The target: a staggering 1000 miles per hour - that’s 1600km/h in metricspeak.

Last week that ambition came closer at the Bloodhound SSC (supersonic car) workshop, with the first matching of the rocket section to the car chassis and the announcement that the vehicle would be tested at Newbury airport in August, hopefully reaching up to 320km/h in what the team describes as a “low speed” test run.
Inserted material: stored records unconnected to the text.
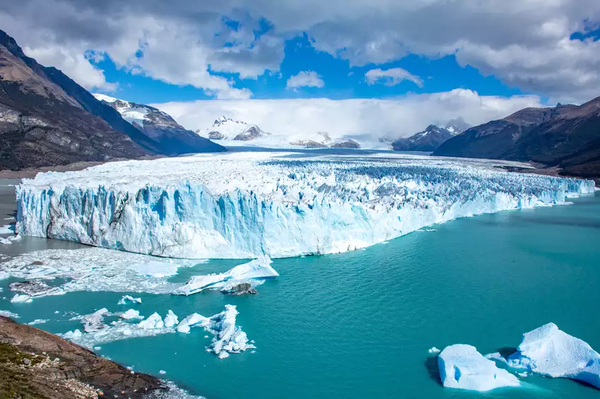 Aujourd’hui, préparez-vous à être émerveillé : le glacier Perito Moreno vous attend. Situé dans le parc national Los Glaciares et classé au patrimoine naturel mondial de l’UNESCO, ce glacier est l’un des plus impressionnants et accessibles au monde, offrant un spectacle unique avec son immense mur de glace et ses teintes allant du blanc au bleu profond.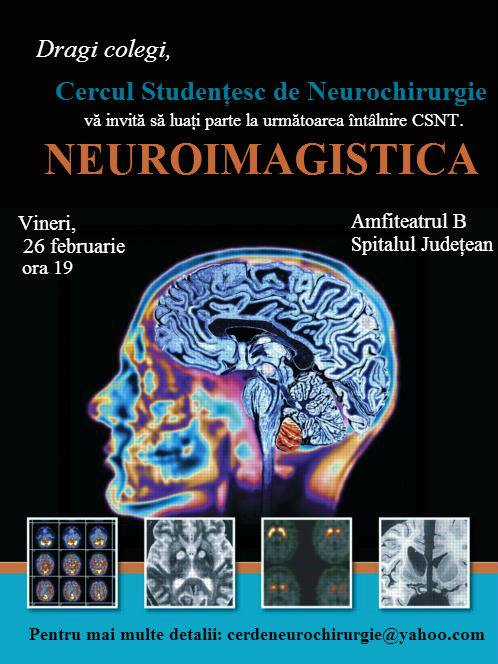 Cercul Studențesc de Neurochirurgie din Timișoara vă invită să luați parte la următoarea întâlnire CSNT, cu tematica "Neuroimagistică" care se va desfășura în data de 26 februarie a.c., în Amfiteatrul B al Spitalului Clinic de Urgență "Pius Brânzeu" din Timișoara.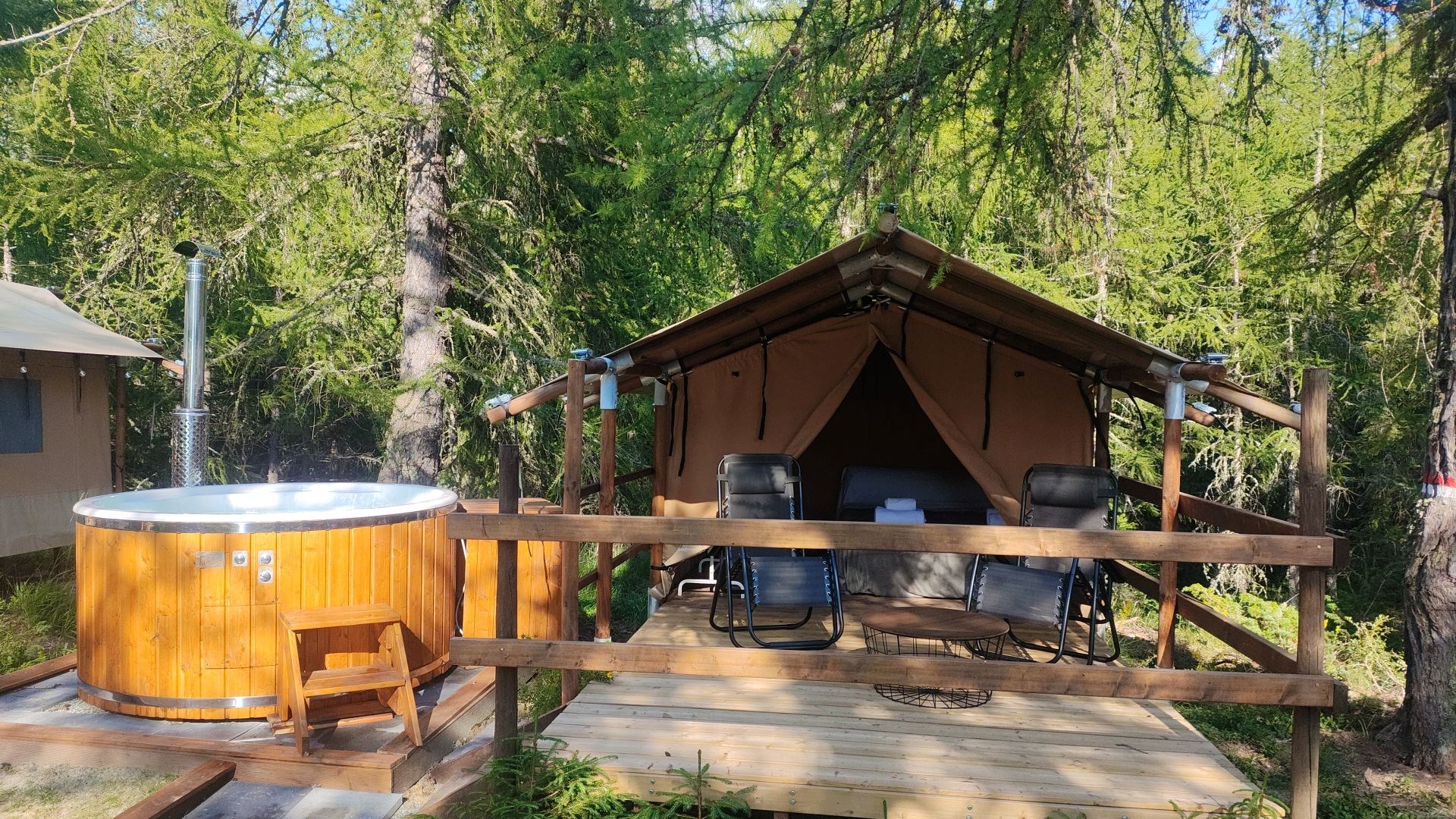 Nel prezzo, a persona, è compreso l'uso esclusivo della vasca idromassaggio (max 4 persone), della tenda, della merenda e dell'aperitivo con un calice di Prosecco.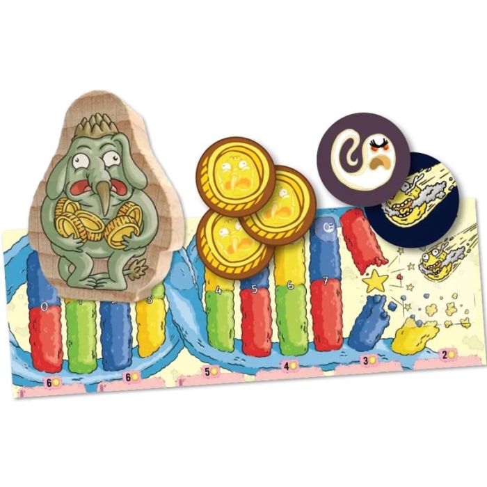 - Un massiccio Totem di legno e… 1 acidissimo Tabellone, 36 gettoni Evoluzione, 6 segnalini Pressione Evolutiva e molto, molto altro!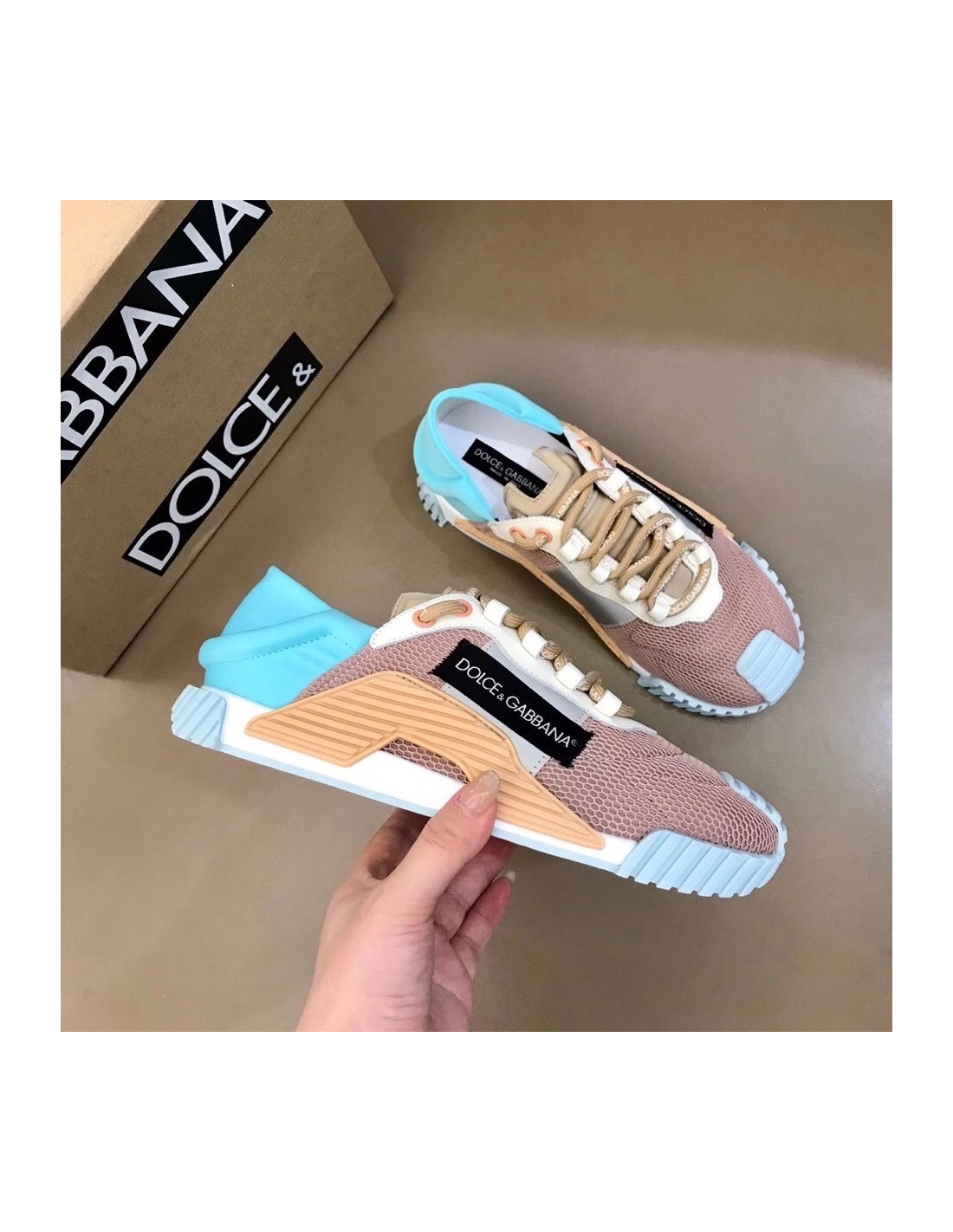 Dolce Gabbana Womens NS1 Slip-on Sneakers Blue/Nude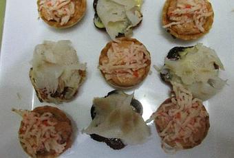 TARTALETAS CON ATÚN Y PALITOS SURIMI ,Y TAPAS DE BACALAO AHUMADO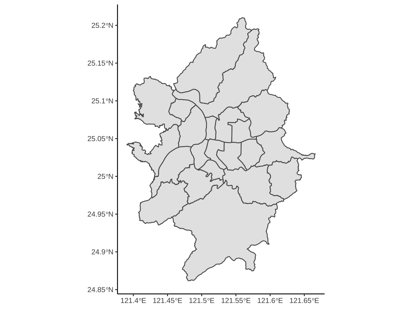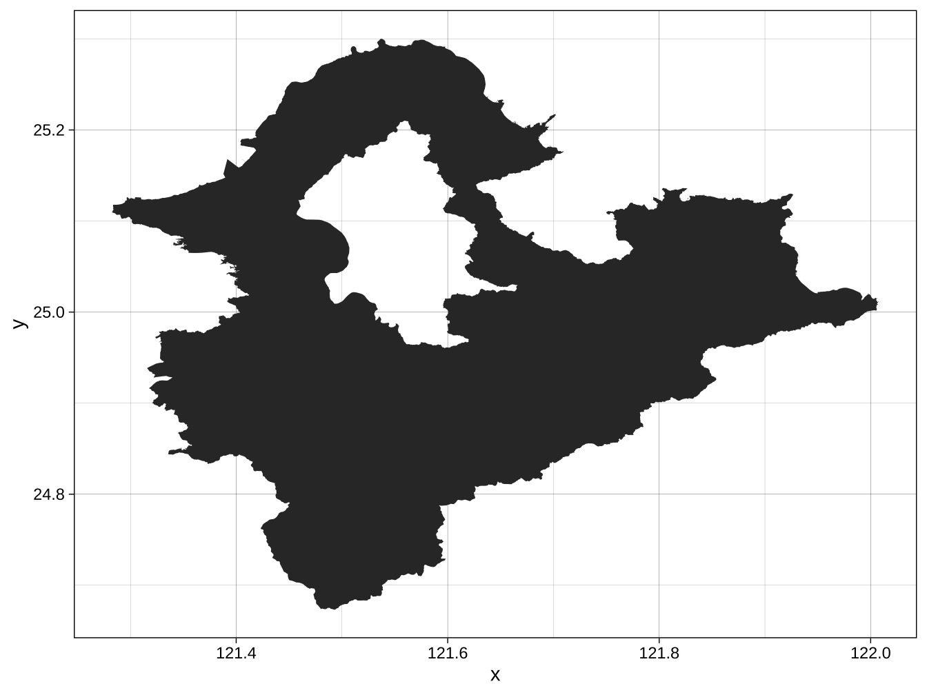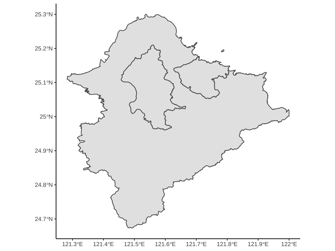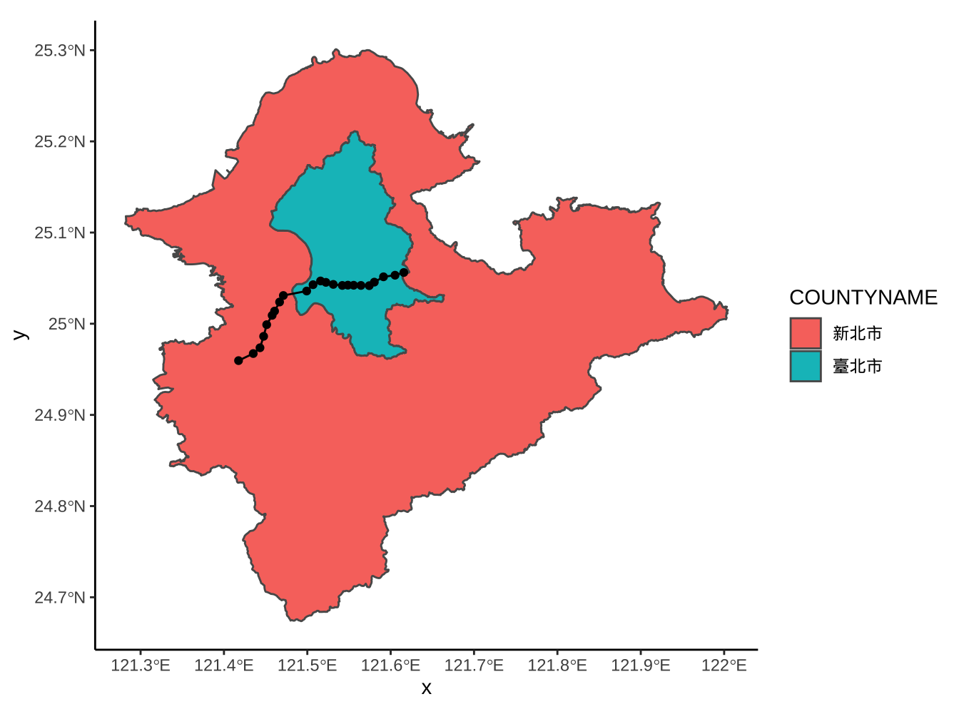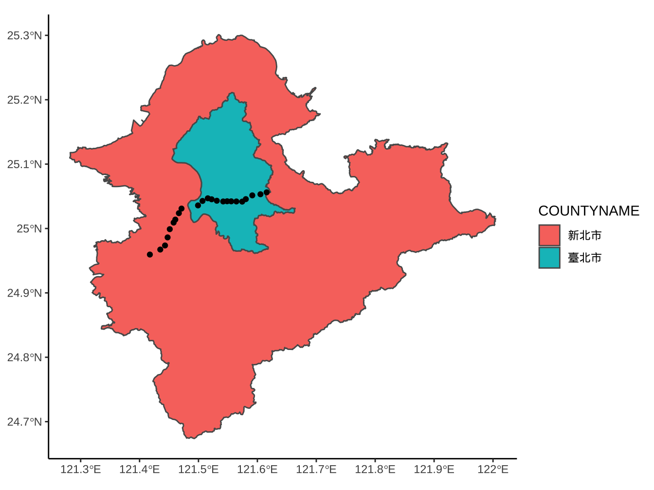 df_geo_northTW <- read_csv("https://www.dropbox.com/s/6uljw24zkyj7avs/df_geo_northTW.csv?dl=1")選出COUNTYNAME為“新北市”以geom_polygon繪出如下形狀: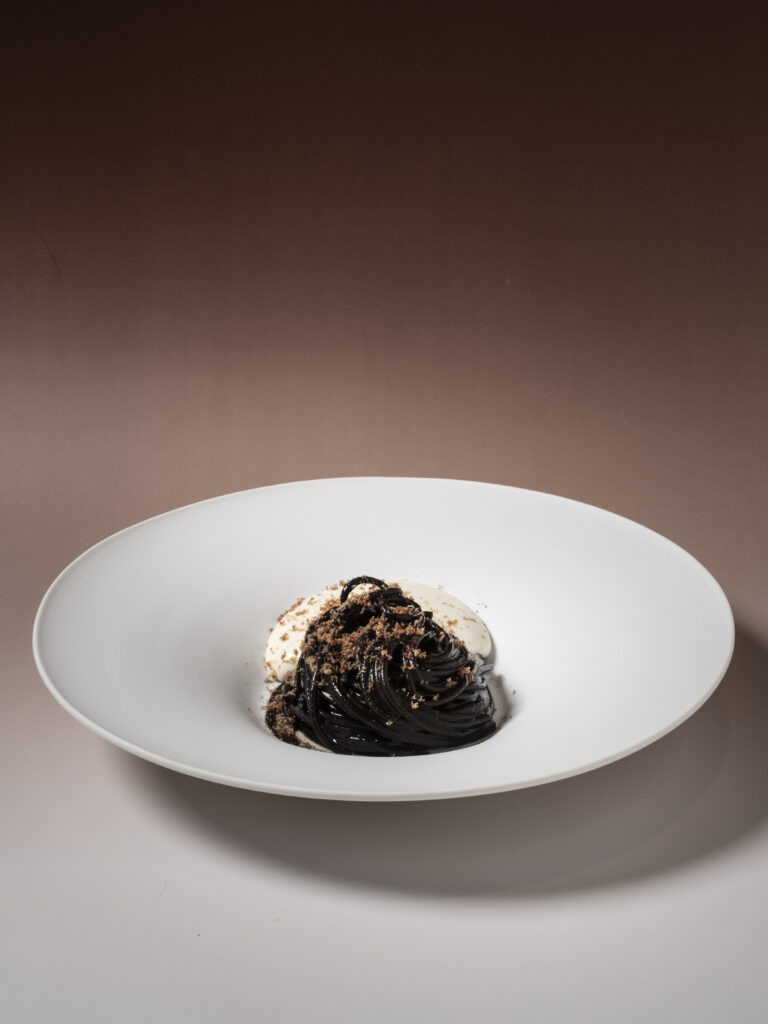 Così l’aglione della Val di Chiana, fermentato fino a 50 giorni, assume il caratteristico colore nero. Ridotto in crema ed emulsionato con brodo di pollo, diventa condimento degli Spaghetti al Bronzo Barilla: la loro trafilatura porosa cattura il sapore e crea una sinfonia di consistenze, affiancata da una spuma di burrata e rafano, che con le note lattiche e piccanti contrasta aromi e temperature del piatto.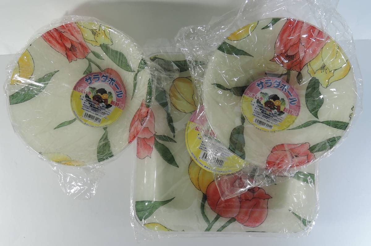- ☆Y08 昭和レトロ■柄布入り ポリスチレン サラダボール2個&プレート(角型)■未使用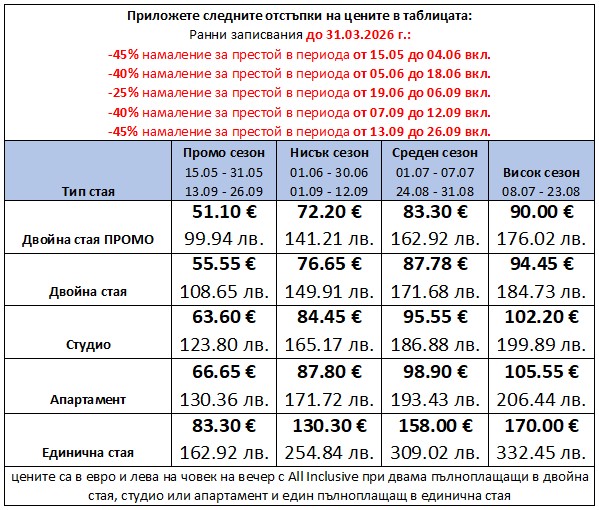 - За периода 01.09.2026 - 12.09.2026: Офертата е валидна при минимален престой от 3 нощувки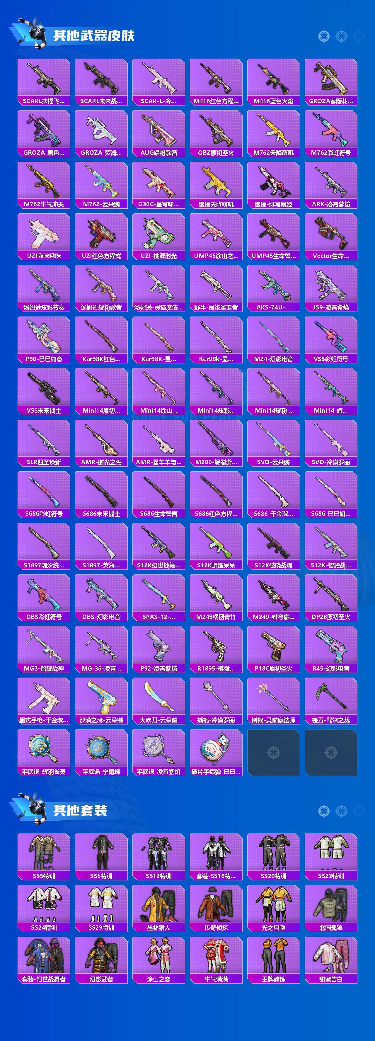 【稀有枪皮】:AKM-四圣焕新,AKM-彩虹符号,AKM-灵猫魔法师,M16A4-幻世战舞者,M16A4-最终圣卫者,M16A4-千金淑猫,SCAR-L-扶摇飞仙,SCAR-L-未来战士,SCAR-L-冷漠罗丽,M416-红色方程式,M416-蓝色火焰,GROZA-春暖花开,GROZA-黑色刀锋,GROZA-荧海星豚,AUG-耀粉歌者,QBZ-原初圣火,M762-天降萌叽,M762-彩虹符号,M762-牛气冲天,M762-云朵鹅,G36C-星穹咏叹调,蜜獾-天降萌叽,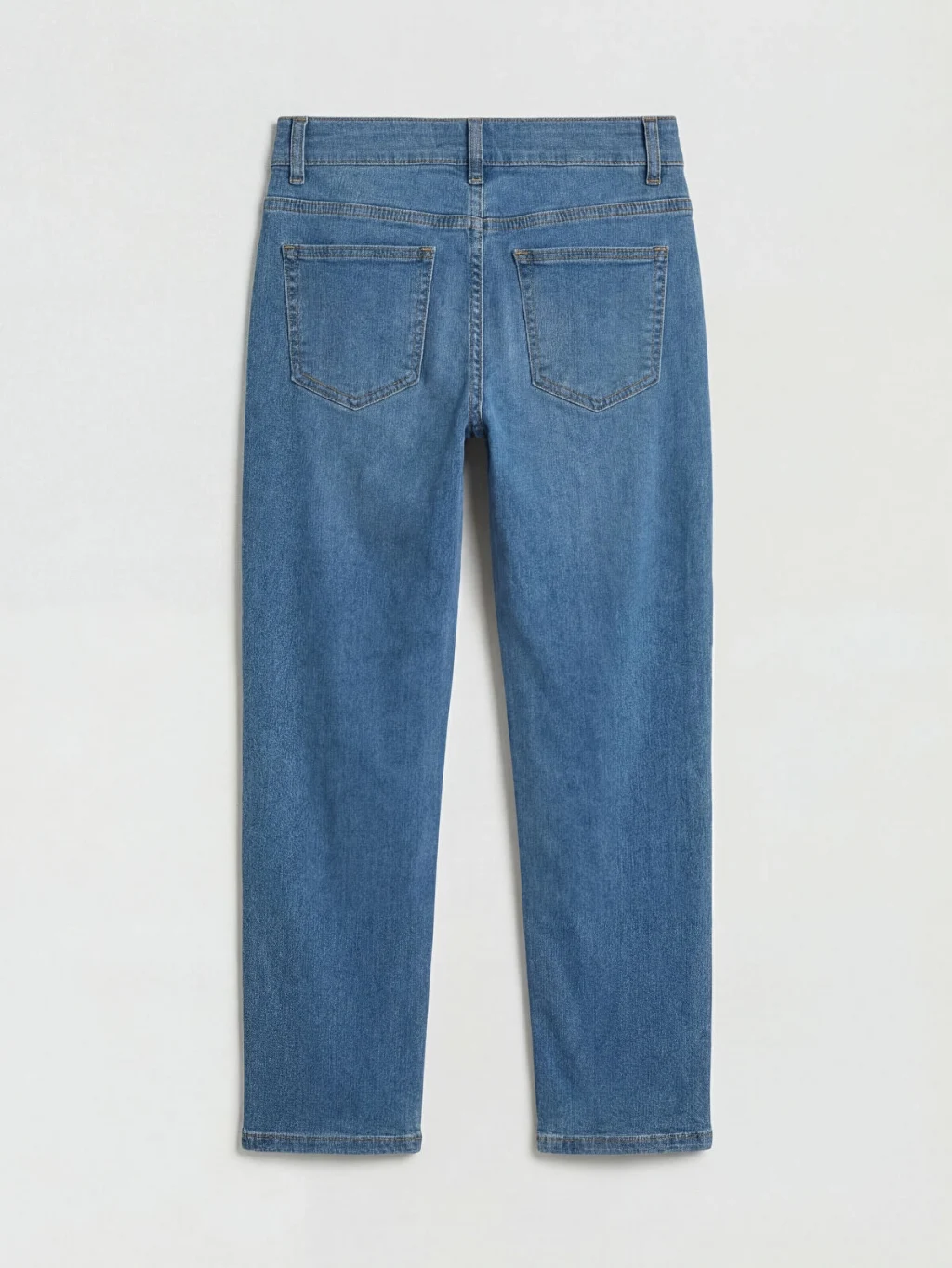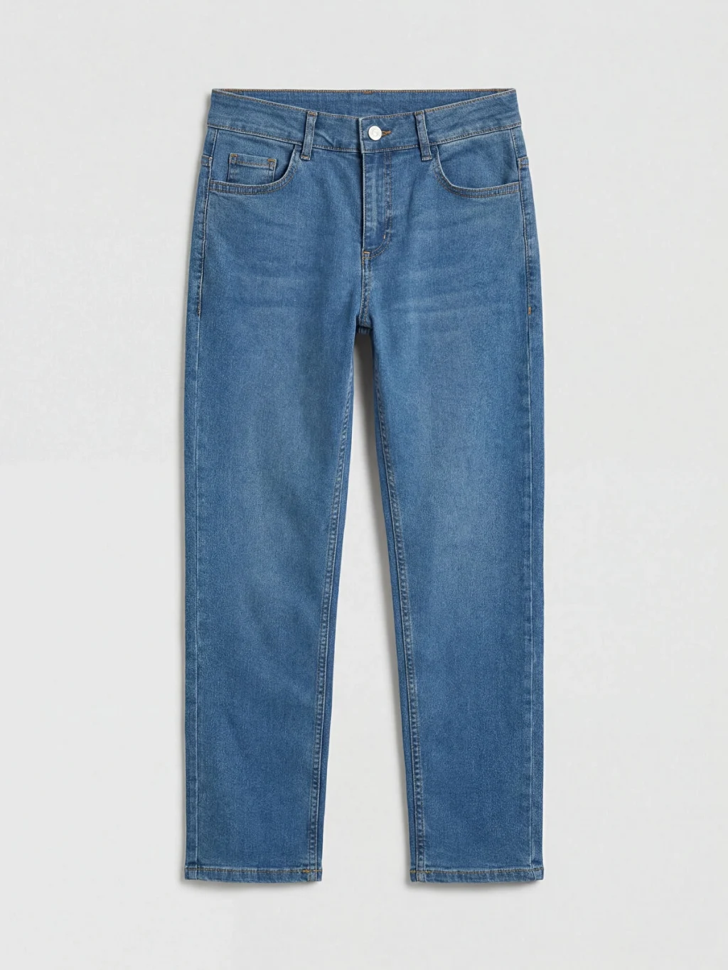 Dar kesimli erkek çocuk jean pantolon, pamuklu denim kumaştan üretilmiştir. Beş cepli tasarıma sahiptir ve fermuar ile düğme kapamalıdır.

In engineering terms, keeping the Bloodhound on the ground is an enormous challenge, as it will hit 1600km/h in 55 seconds thanks to its unique combination of a Eurofighter jet engine and a cluster of Nammo hybrid space rockets. This hybrid engine (it uses a cleaner form of rocket oxidiser than most spacecraft) will produce in the region of 100 000kW - 11 times the power output of the entire Formula One grid. There's even a 405kW Jaguar engine just to run the rocket's fuel pump.

“More people have driven on the surface of the Moon than have driven at supersonic speed on Earth,” said Chapman. “Travelling beyond 1200km/h is really the 'here be dragons' part of the map.”

MOVING 18 500 TONS OF STONE - BY HAND

Later this year the team will set up camp at Hakskeen Pan for three months, where over the past five years 300 local workers have been removing 18 500 tons of stone by hand from the dried-up lake-bed track. It's now ready, but at first the team will “only” be aiming for 1280km/h and a new record. It will then return in 2016 to push on to 1600km/h by adding two extra rocket engines to the car.

By then the project will have cost close to £40 million (R720 million) but, despite the talk of thrust, power and speed, the engineers and scientists behind the Bloodhound say it isn't just about going fast.

“Going fast is not our number one job on this project,” said Wing Commander Andy Green. “In fact our number one job is inspiring the next generation of engineers, scientists and mathematicians.”

Green, 53, will be trying to break his own record of 1221km/h, set in Richard Noble's Thrust SSC in 1997. Nearly 20 years later the world has changed so much that even a Cold War-era jet fighter pilot knows he has to be environmentally and socially aware.

“It's the young people we inspire who are going to go on and build the new green technologies of the future,” he added. “It's just that you won't get a 10-year-old excited about a wind turbine - but you will get them excited about a land speed record.”

Land speed racing might be the oldest form of motorsport, but Wing Commander Green and chief engineer Mark Chapman know that speed isn't everything. That's why, they stress, the project aims to visit 6000 schools, provide learning materials, run a model rocket car competition and reach as many as 8.5 million children by 2018.

Chapman said: “We know this project, which was launched in 2008 as Lehman Brothers was collapsing, would have never got off the ground and attracted sponsors, if it had just been about speed.

“It has to be about inspiring the boys and girls of today to become the engineers of the future.”